I'm moving a method from a controller into a helper; the method will now be called from the view. Previously, in my controller I had
def show
@things = gather_things
end
and in my functional test I had
test "show assigns things" do
get :show
assert_equal GATHERED_THINGS, assigns(:things)
end
now, gather_things
lives in the helper and is called from the view. I have a unit test for the helper which makes sure that it returns the right values, but I want my functional test to assert that it gets called. I've tried
test "show calls gather_things" do
@controller.expects(:gather_things)
get :show
end
but that doesn't work. What should I be calling expects(:gather_things)
on?
If you have moved the code out of the controller into a View then it has in fact moved out of the purview of the functional test.
I don't know the correct class to put your expects on... but you can probably figure it out by, in the method "gather_things" do something like: logger.error self.class.name
- which will spit out the class name into the log for you. Then you can put your expects onto that class.
Now we come to the crux of the matter... should you have moved that code into the view?

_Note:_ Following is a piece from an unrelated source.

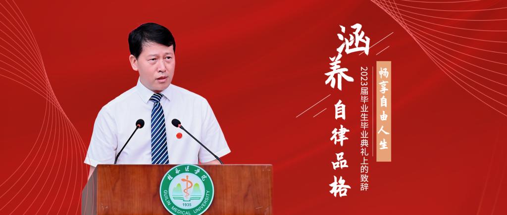 三年前的开学典礼,我以“大学,是这样一个地方”为题,告诉大家“大学是滋养品德之地,是求知求新之地,是健身强志之地,是完善自我之地”。四年前的开学典礼,我致辞的题目是“选择桂医,与美同行”,我说“选择桂医,你就选择了与美好山水和校园为伴;选择桂医,你就选择了与美好心灵和品行结缘;选择桂医,你就选择了与美好前程和未来相遇”。五年前的开学典礼,我写下了“内外兼修,铸就品位”的致辞,叮嘱大家“品位,始于规矩,源于修养,贵于追求,成于自律”。几年过去,同学们从新生成为毕业生,在老师的教导下,在自身的努力下,在湖光浸润、文化深植的校园滋养下,大家升华了德行,丰富了思想,拓宽了视野,完善了人格,提升了品位,学到了知识,完成了学业,今天顺利毕业了,即将投入到强国建设、民族复兴的新征程!在此,我代表全校师生员工对你们表示热烈祝贺!
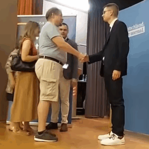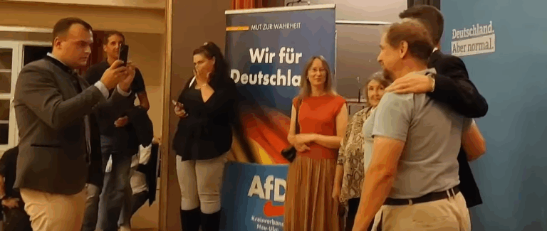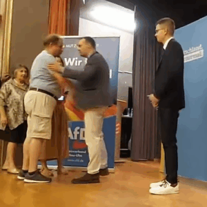 Freundschaftliche Umarmung mit Franz Schmid und ein sehr langer Handschlag mit Nikolas Lotz (30 Sekunden lang) – der ehemalige Ulmer AfD Gemeinderat Markus Mössle und verurteilter Neonazi-Bank- und Sexshopräuber war mit seiner Partnerin ebenfalls in der Weißenhorner Stadthalle.

My opinion is that you should not. Setting up a gathering of model-objects is precisely what is supposed to go in the controller code - what if you later decide you want to display the same data in a CSV file, or as a RESTful xml API? - you still need the same set of objects instantiated regardless of what view you use. So my Ultimate Recommendation would be to move that method back into the controller again where it belongs.
Edit: following is now obsolete advice and not relevant to this user, but might be to others
If you are testing using rspec - it doesn't actually render the views during a functional test (unless you specifically switch that on), and therefore any code called form views will not execute.
If you want to test that the View calls something, you will either need to turn that on, or test it in your view-tests.